Nohl: Suitcase Export Fund Winter & Summer Cycles 2022
In the nineteenth cycle, the Fund made twenty-eight awards, providing assistance with shipping and travel to twenty-seven individual artists and one duo (for a total of twenty-nine individuals). We were also able to see projects through to completion from previous cycles that had been postponed during the pandemic. The awards made in the 2022 cycle took artists and their work to Los Angeles, San Francisco, Santa Monica, and Santa Paula, California; Baltimore, Maryland; Manchester, New Hampshire; New York, New York; Portland, Oregon; Austin, Texas; Spokane and Tacoma, Washington; and Appleton, Madison and Oshkosh, Wisconsin. Outside the United States, artists (or their work) traveled to Canada (Victoria and Winnipeg); Finland (Hämeenkyrö); France (Caylus, St. Erme, and Paris); German (Berlin); India (Bangalore); Italy (Verona); Japan (Tokyo); Kyrgyzstan (Bishkek); Mexico (Guadalajara); and The Netherlands (Amsterdam).
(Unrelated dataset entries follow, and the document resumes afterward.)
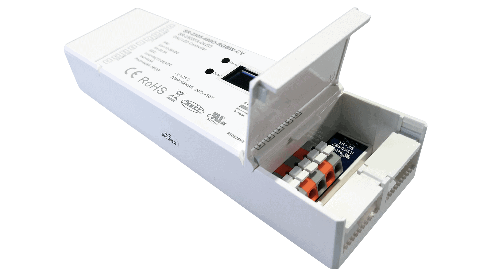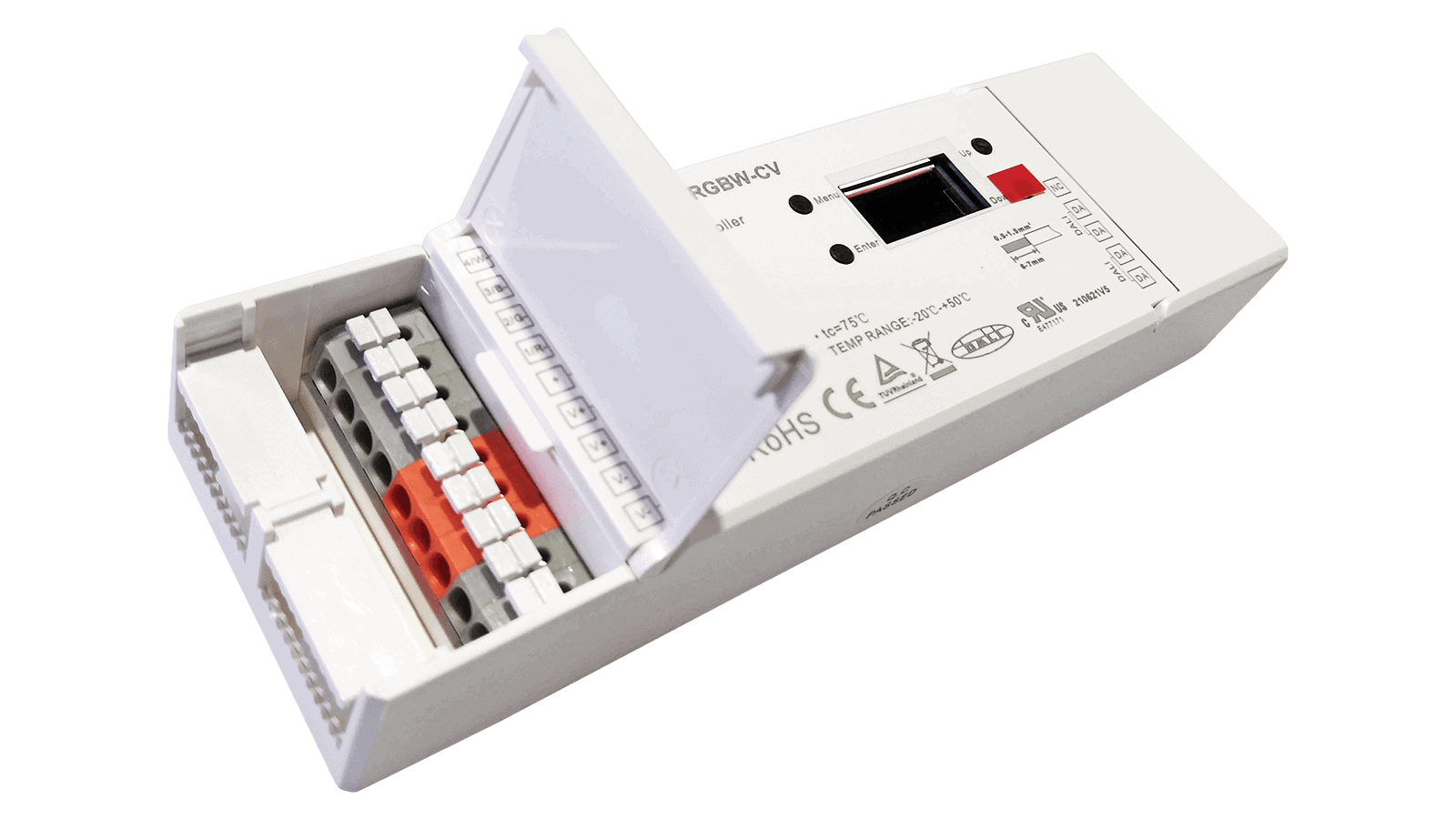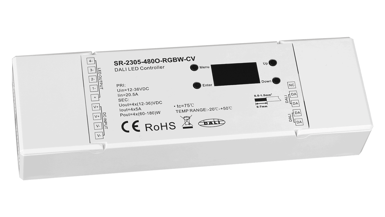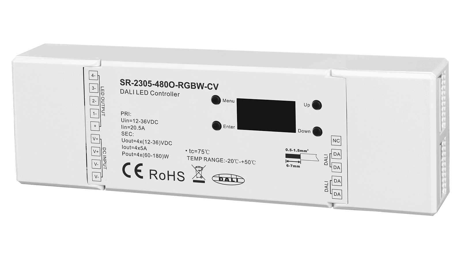 Der 4 Kanal SR-2305-480O-RGBW-CV mit konfigurierbaren PWM Ausgang, MASTER Funktion und DALI DT6 Schnittstelle ist ideal für den Betrieb von RGBW Konstantspannungs LED Anwendungen wie z.B. LED Streifen geeignet.
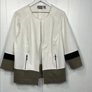 Chico’s Womens Open Front Jacket 2 (L) Tan Cream Black Color Block Zip Front Pockets Poly/Rayon Seam Detailing on Back Ponte EUC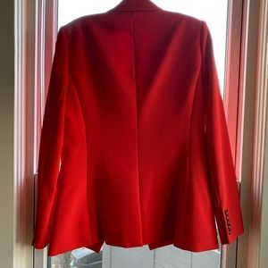 Gorgeous, new poppy-red VB blazer. Compatible with all VB dickey’s. Purchased earlier this month, never worn! Tags still attached, happy to re-wrap in plastic before mailing. OG price $650 (see picture of tag). Back pleat “stay stitch” still in place.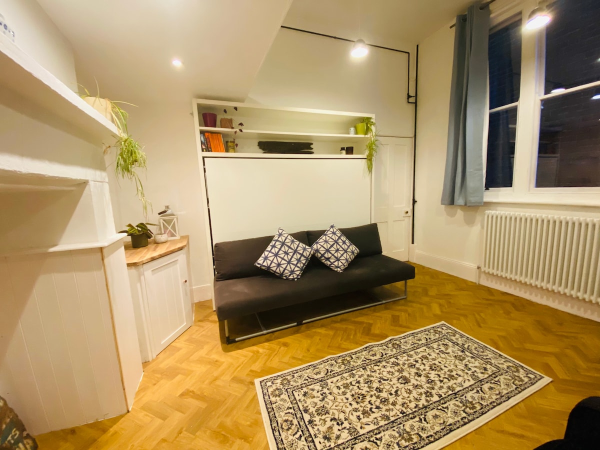 Նկարչի հարմարավետ արվեստանոց Իսթբորնի Հին քաղաքի տարածքի եզրին ՝ Հարավային Դաունսից ներքև, ծովից 2 մղոն հեռավորության վրա ։ Ստուդիան ունի սեփական մուտք, լոգասենյակ (ցնցուղ և զուգարան) Կա խոհանոցիկ ՝ միկրոալիքային վառարանով, սառնարանով, թեյնիկով, որը բացվում է դեպի փոքրիկ պատիո ։ Ոտքով 20 րոպե է մինչև Հին քաղաքի գեղեցիկ միջնադարյան պանդոկներ, եկեղեցի և ռեստորաններ և 10 րոպե ճանապարհ դեպի ծովափ (կամ 40 րոպե ոտքով), խանութներ և քաղաքի կենտրոն: Մյուս ուղղությամբ 10 րոպե, որը տանում է դեպի Սաութ Դաունս ազգային պարկ:

2022 Winter Cycle (January-June 2022)
Rosalie Beck shipped two pieces selected by Albert Handell for the Northwest Pastel Society’s 36th Annual International Exhibition to the Art Company Gallery in Tacoma, Washington.
Debra Brehmer spent six weeks in Caylus, France for a drawing/writing residency. She created a drawing response to her encounter with some of the earliest known images of humankind at the nearby Pech Merle caves, and she wrote an essay for Hyperallergic. The drawings were featured in exhibition with the work of other residents.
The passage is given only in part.